ACTIVITY
The task for the listing below is to write out exactly the lines starting at the one containing "是汕尾德昌電子有限公司在中國" and ending at the one containing "王周锁在致辞中代表学校全体师", both included. Pictures are to be omitted.
★ ★ ★ ★ ★
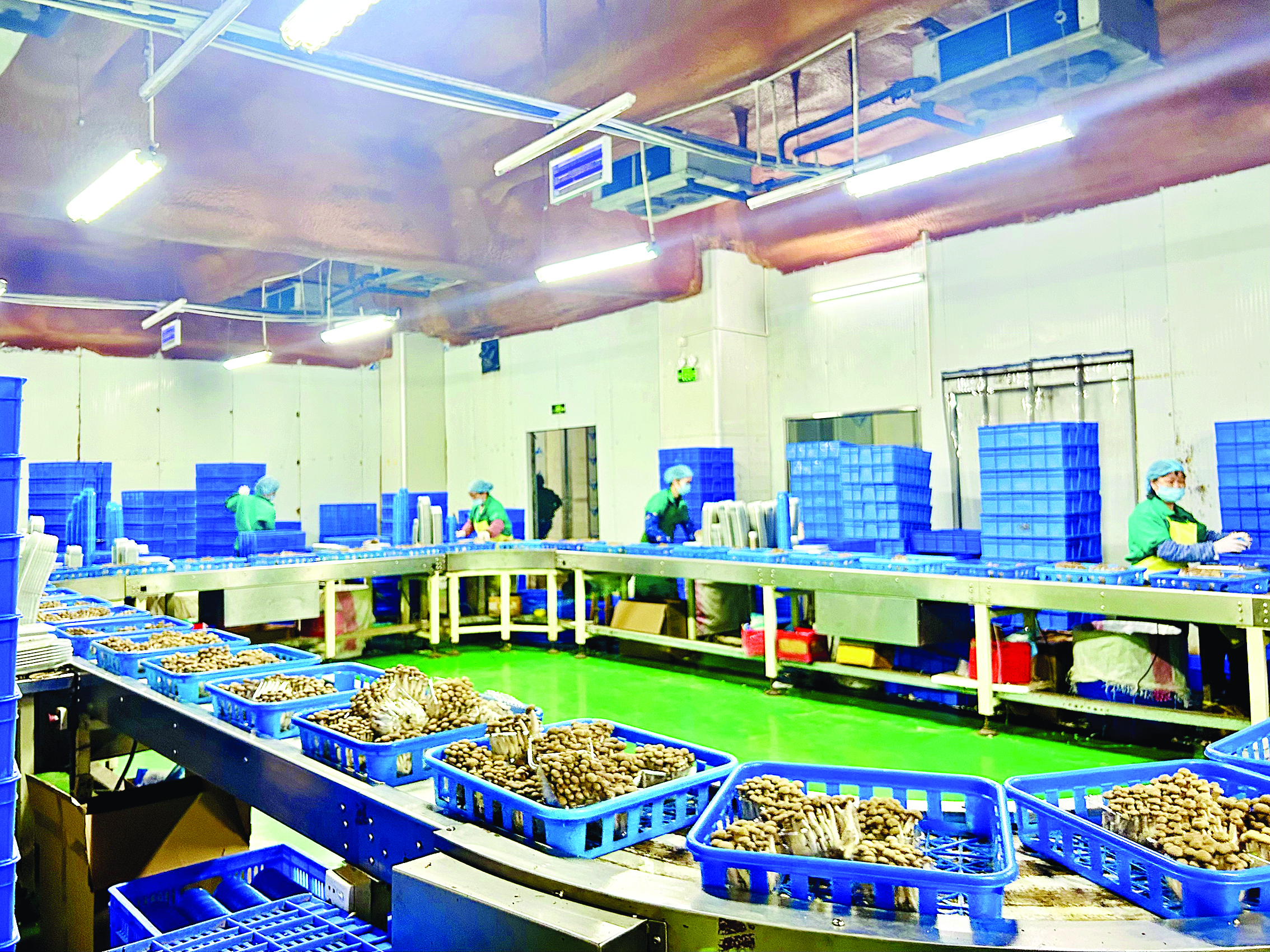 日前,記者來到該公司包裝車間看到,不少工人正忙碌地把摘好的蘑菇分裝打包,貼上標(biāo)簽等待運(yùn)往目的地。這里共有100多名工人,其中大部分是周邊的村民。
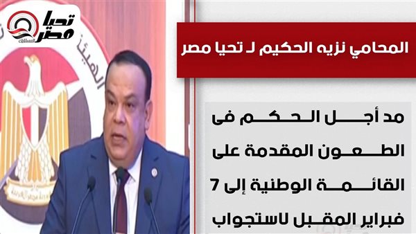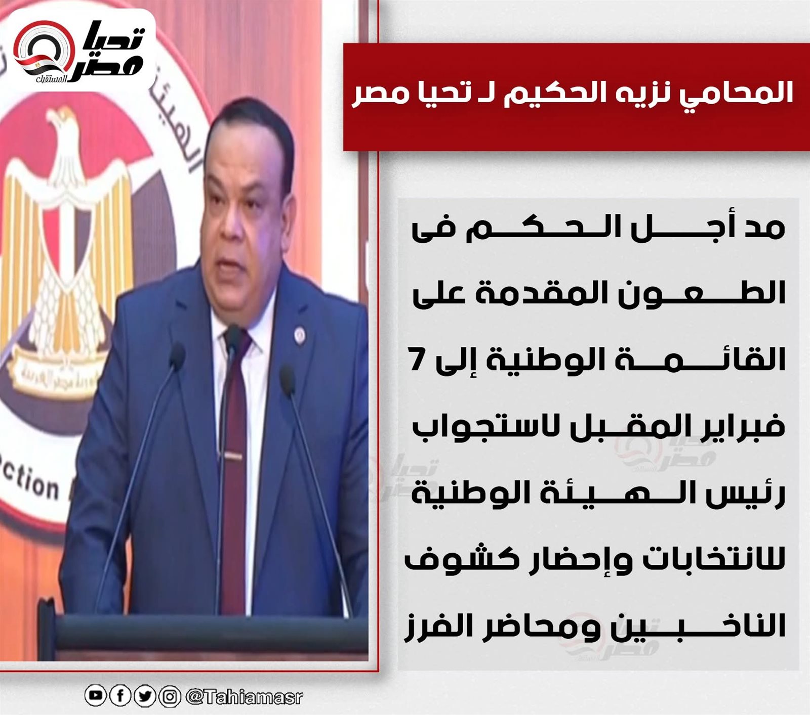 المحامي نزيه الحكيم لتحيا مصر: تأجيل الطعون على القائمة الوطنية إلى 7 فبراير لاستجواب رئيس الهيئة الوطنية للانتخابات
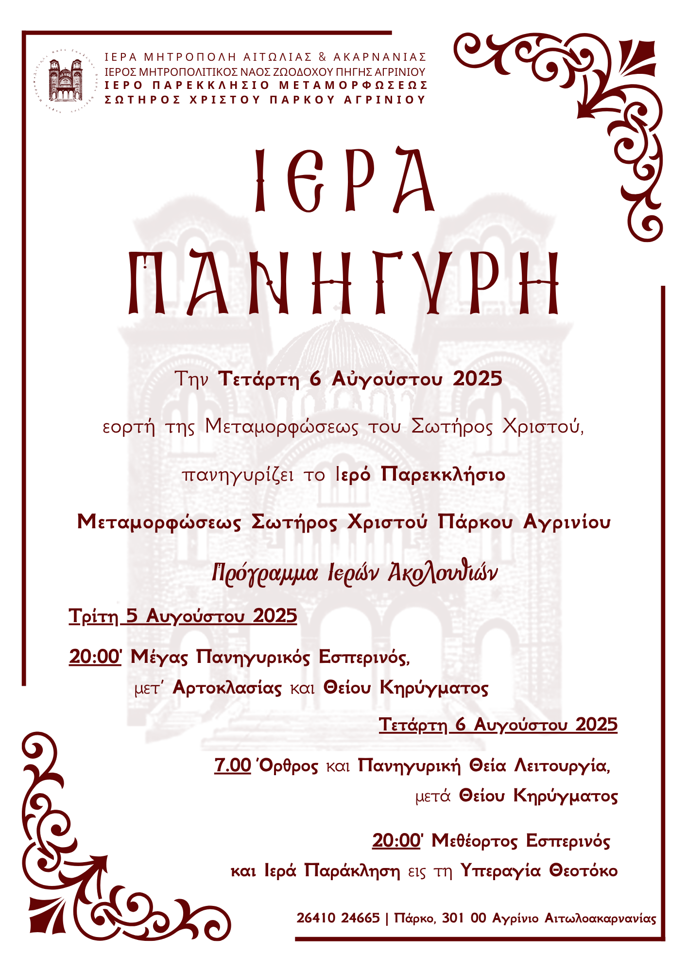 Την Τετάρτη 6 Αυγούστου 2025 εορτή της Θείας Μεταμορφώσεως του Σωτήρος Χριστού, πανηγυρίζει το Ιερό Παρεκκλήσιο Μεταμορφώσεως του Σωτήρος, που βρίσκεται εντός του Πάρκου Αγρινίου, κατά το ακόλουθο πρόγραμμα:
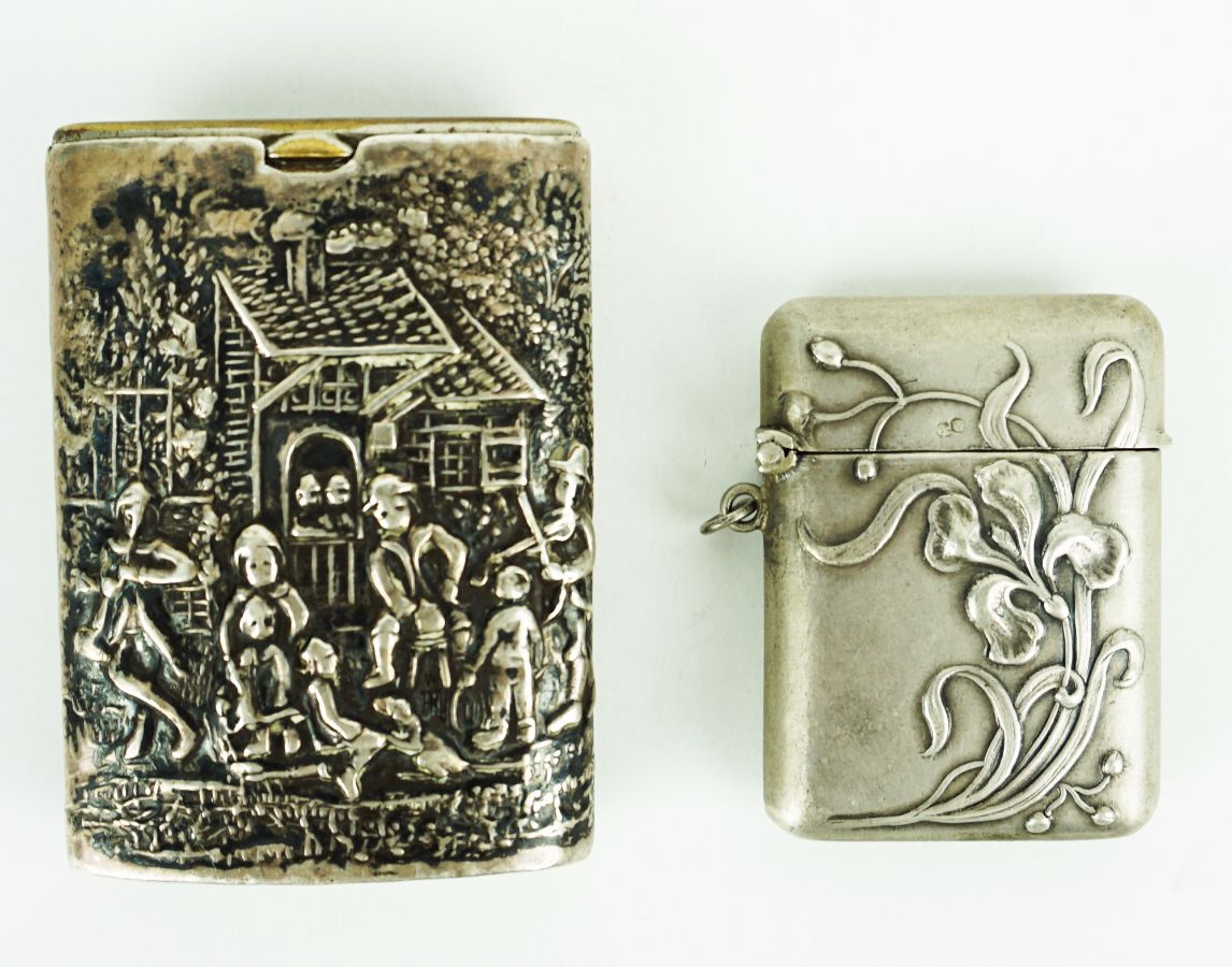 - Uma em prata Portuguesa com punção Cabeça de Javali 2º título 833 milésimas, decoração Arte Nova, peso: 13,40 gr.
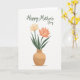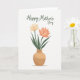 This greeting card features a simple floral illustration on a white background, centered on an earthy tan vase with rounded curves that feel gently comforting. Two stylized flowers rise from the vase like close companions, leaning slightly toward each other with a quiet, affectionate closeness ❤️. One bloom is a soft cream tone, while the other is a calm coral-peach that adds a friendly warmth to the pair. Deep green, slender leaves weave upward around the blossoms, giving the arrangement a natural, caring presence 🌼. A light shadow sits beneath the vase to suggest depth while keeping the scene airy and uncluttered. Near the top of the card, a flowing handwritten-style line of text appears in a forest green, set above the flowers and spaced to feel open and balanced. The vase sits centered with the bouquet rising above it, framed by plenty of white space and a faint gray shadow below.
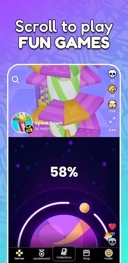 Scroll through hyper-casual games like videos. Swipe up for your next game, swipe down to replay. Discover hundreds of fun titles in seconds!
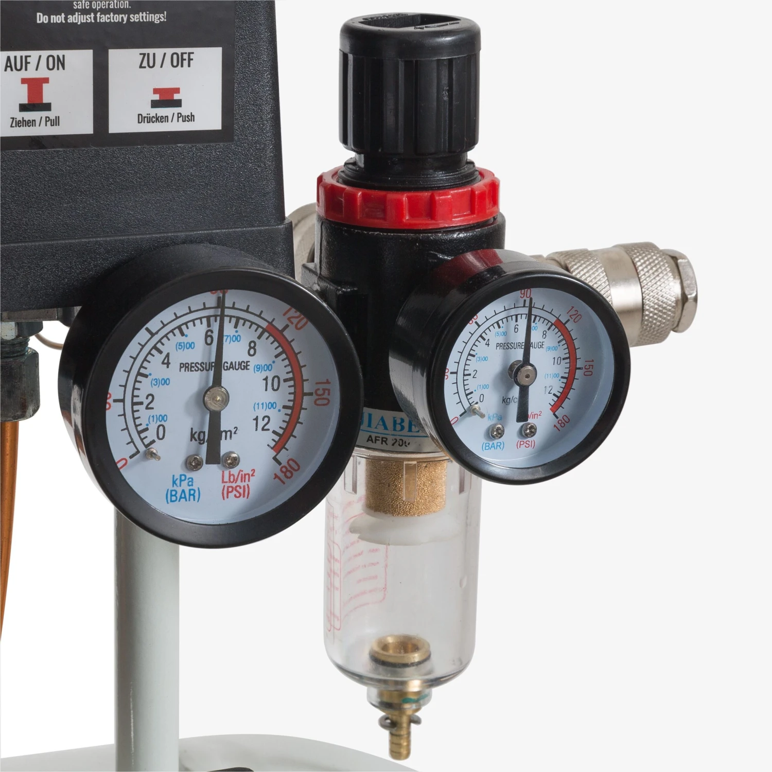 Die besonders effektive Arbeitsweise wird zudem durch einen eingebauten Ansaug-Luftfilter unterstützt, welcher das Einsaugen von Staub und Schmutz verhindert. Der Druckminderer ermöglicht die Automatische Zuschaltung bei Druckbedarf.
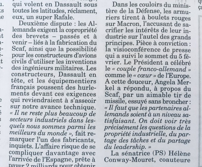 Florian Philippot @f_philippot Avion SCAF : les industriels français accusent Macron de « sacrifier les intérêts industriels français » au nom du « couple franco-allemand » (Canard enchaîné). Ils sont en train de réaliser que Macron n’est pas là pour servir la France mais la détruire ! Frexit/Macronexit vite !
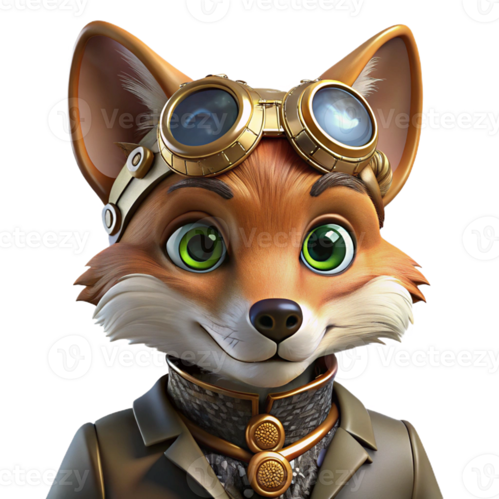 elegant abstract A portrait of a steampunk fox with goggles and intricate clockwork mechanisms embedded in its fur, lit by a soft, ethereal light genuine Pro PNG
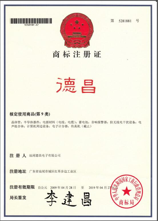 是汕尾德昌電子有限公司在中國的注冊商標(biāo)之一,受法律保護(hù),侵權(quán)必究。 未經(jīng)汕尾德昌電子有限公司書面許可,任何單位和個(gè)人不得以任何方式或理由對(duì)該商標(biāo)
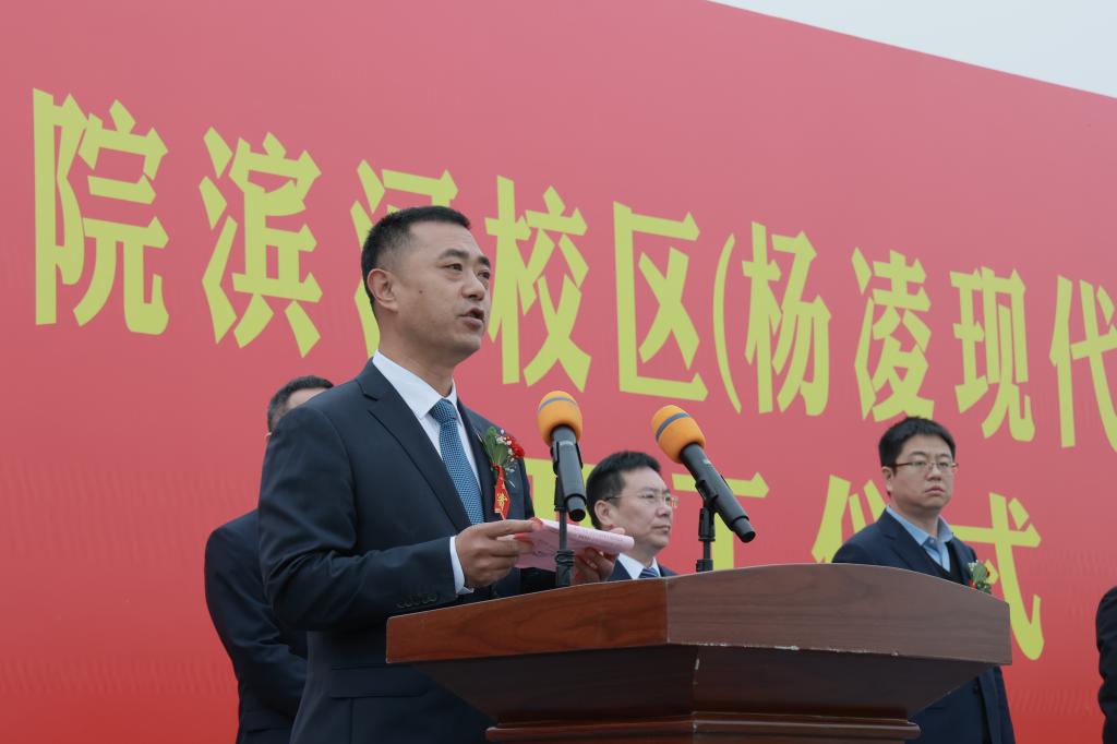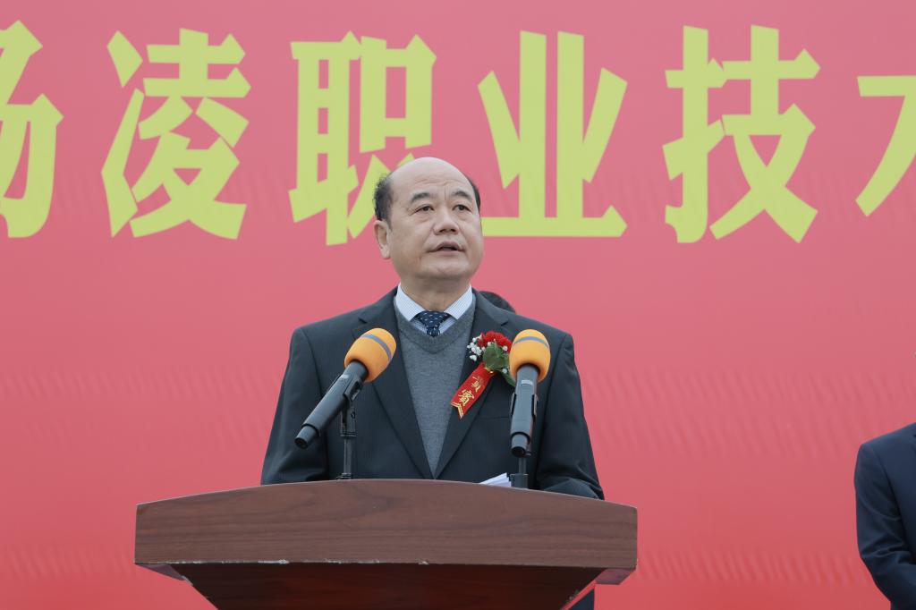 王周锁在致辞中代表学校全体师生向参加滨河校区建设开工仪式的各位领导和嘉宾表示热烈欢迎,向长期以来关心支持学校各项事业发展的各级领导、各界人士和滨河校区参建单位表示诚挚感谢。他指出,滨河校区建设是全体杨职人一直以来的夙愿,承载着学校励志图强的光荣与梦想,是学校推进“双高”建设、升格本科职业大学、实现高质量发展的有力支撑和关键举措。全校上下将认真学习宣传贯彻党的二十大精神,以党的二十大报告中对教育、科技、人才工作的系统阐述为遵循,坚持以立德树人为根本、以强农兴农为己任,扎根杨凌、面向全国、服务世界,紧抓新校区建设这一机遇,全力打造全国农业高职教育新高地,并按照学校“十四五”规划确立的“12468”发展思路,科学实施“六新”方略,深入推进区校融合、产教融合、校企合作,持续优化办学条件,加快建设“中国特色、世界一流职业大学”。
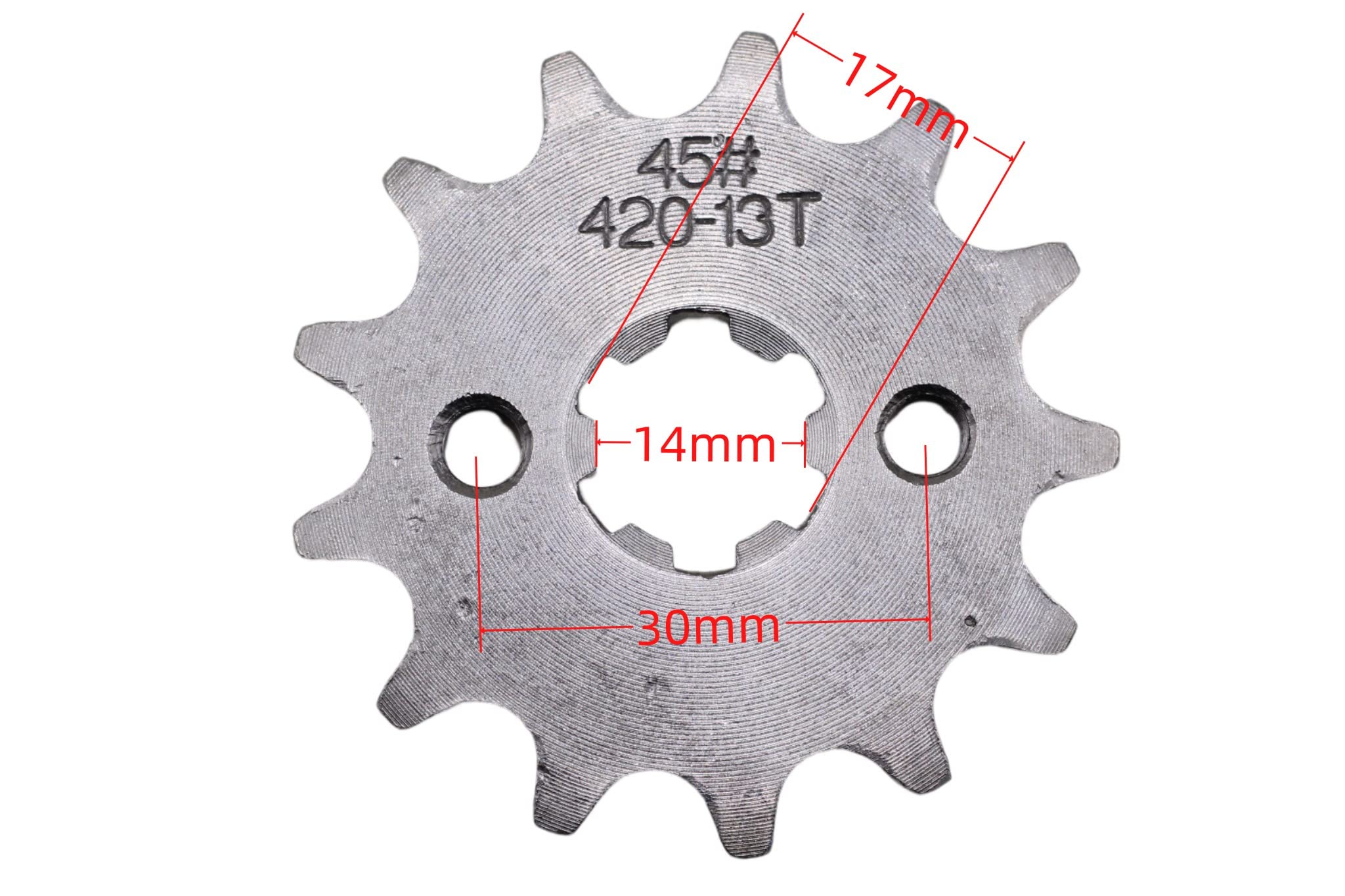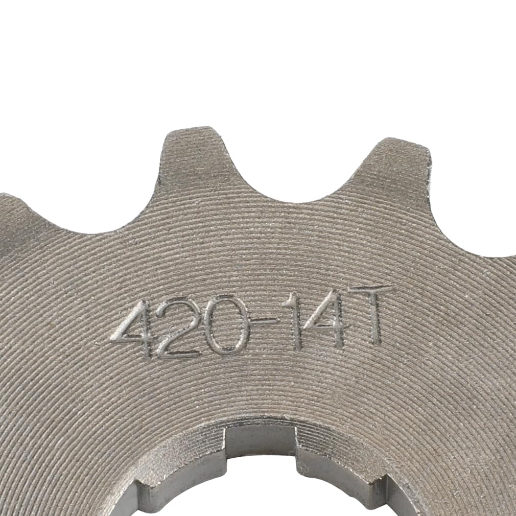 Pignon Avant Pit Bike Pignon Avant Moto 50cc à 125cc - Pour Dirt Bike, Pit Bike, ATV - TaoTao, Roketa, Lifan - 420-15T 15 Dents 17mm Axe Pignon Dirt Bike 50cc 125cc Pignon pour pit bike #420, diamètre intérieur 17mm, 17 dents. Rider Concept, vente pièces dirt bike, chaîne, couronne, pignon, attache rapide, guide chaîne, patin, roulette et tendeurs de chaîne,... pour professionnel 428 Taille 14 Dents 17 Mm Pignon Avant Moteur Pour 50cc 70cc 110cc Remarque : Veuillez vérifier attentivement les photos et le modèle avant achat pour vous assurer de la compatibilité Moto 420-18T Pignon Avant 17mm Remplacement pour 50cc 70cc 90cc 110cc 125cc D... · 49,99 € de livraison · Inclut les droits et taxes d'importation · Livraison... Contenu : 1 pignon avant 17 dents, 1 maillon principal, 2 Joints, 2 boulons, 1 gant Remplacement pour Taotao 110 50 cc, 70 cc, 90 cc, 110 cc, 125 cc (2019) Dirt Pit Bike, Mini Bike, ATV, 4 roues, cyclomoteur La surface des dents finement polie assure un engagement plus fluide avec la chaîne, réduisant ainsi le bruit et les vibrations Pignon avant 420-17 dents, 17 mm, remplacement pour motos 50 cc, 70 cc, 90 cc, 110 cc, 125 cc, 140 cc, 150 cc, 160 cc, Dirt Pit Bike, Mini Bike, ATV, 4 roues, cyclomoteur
★ ★ ★ ★ ★
WRITTEN REPLY
 是汕尾德昌電子有限公司在中國的注冊商標(biāo)之一,受法律保護(hù),侵權(quán)必究。 未經(jīng)汕尾德昌電子有限公司書面許可,任何單位和個(gè)人不得以任何方式或理由對(duì)該商標(biāo)
 王周锁在致辞中代表学校全体师生向参加滨河校区建设开工仪式的各位领导和嘉宾表示热烈欢迎,向长期以来关心支持学校各项事业发展的各级领导、各界人士和滨河校区参建单位表示诚挚感谢。他指出,滨河校区建设是全体杨职人一直以来的夙愿,承载着学校励志图强的光荣与梦想,是学校推进“双高”建设、升格本科职业大学、实现高质量发展的有力支撑和关键举措。全校上下将认真学习宣传贯彻党的二十大精神,以党的二十大报告中对教育、科技、人才工作的系统阐述为遵循,坚持以立德树人为根本、以强农兴农为己任,扎根杨凌、面向全国、服务世界,紧抓新校区建设这一机遇,全力打造全国农业高职教育新高地,并按照学校“十四五”规划确立的“12468”发展思路,科学实施“六新”方略,深入推进区校融合、产教融合、校企合作,持续优化办学条件,加快建设“中国特色、世界一流职业大学”。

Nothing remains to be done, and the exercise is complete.